Background: Tuberculous, parapneumonic and traumatic loculated pleural-effusions pose therapeutic challenges due to resultant pleural-thickening and compromised lung-function for life. Tuberculosis is widely prevalent in developing countries, necessitating appropriate, effective, and economical treatment for loculated pleural-effusion to reduce the burden and sequelae. Objective: An uncontrolled and blind before-after intervention study to determine the effectiveness of intrapleural fibrinolytic therapy (IPFT) using urokinase in loculated pleural effusions was conducted at a tertiary-care respiratory center after obtaining approval and written informed consent. Methods: Fifty-one patients with loculated pleural effusion were administered with repeated cycles of three doses of 1 Lakh IU of urokinase intrapleurally until complete drainage of pleural fluid. Pre- and post-IPFT clinical and radiological responses were compared using removal of fluid, ultrasound, and chest radiography were compared. The Kolmogorov-Smirnov test and paired t test with significance at a P value less than 0.05 were applied to test statistically significant differences in proportions and means, respectively. Results: Tuberculosis was the most common etiology leading to loculated pleural effusion (80%), and 82.4% of tuberculosis patients required at least two cycles of IPFT. Complete resolution in chest radiograph after IPFT was observed in 80.4% of patients. Chest pain (13.7%) and fever (9.8%) were the most common undesired effects associated with IPFT. A statistically significant reduction in mean intrapleural fluid levels pre- and post-IPFT from 184±81 ml to 67±52 ml was observed. Conclusion: IPFT with urokinase is an effective treatment modality in patients with post-tubercular loculated pleural effusions.
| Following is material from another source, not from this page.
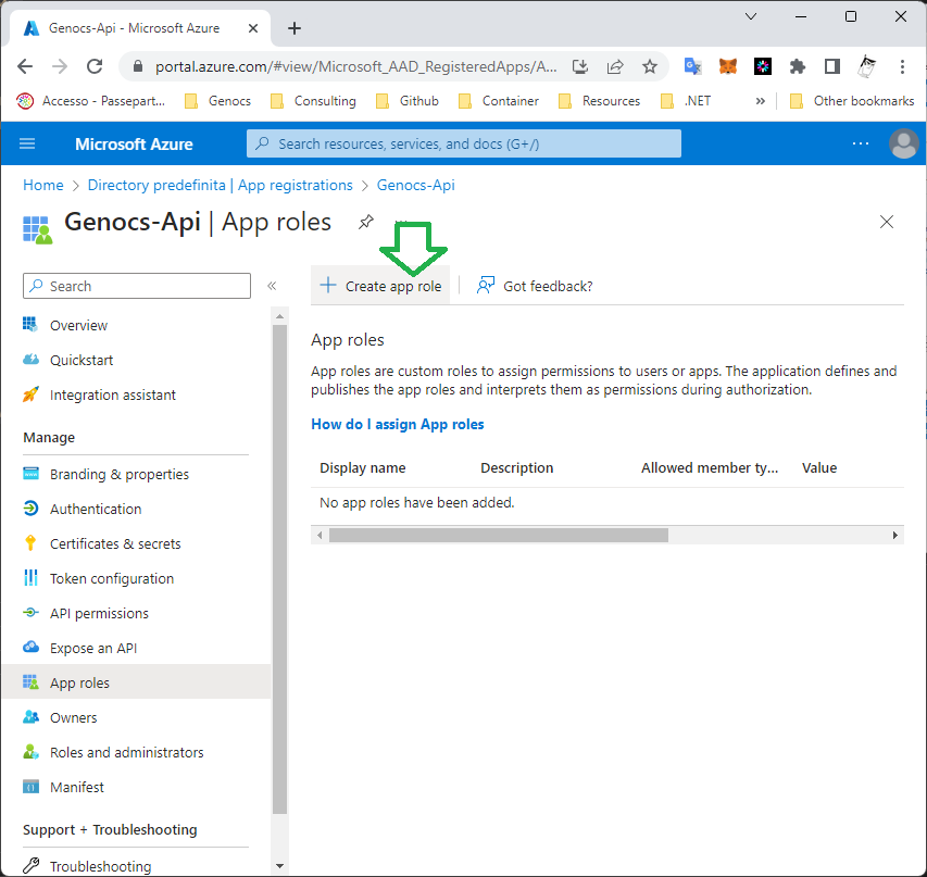 Manage, click onApp rolesand click theCreate app rolebutton on top:

IPFT has minimal and tolerable undesired effects and prevents sequelae such as pleural thickening and consequent compromise of respiratory function.

Highlights

  • Tuberculous, parapneumonic and traumatic loculated pleural-effusions pose therapeutic challenges due to resultant pleural-thickening and compromised lung-function for life

  • Loculated pleural effusions usually occur as a result of adhesions and sequelae of complicated tuberculosis, parapneumonic effusion, empyema, haemothorax and malignant effusions.[1,2]

  • Delayed hypersensitivity responses to Mycobacterium tuberculosis is implicated in the causation of pleural effusion in tuberculosis.[3,4,5]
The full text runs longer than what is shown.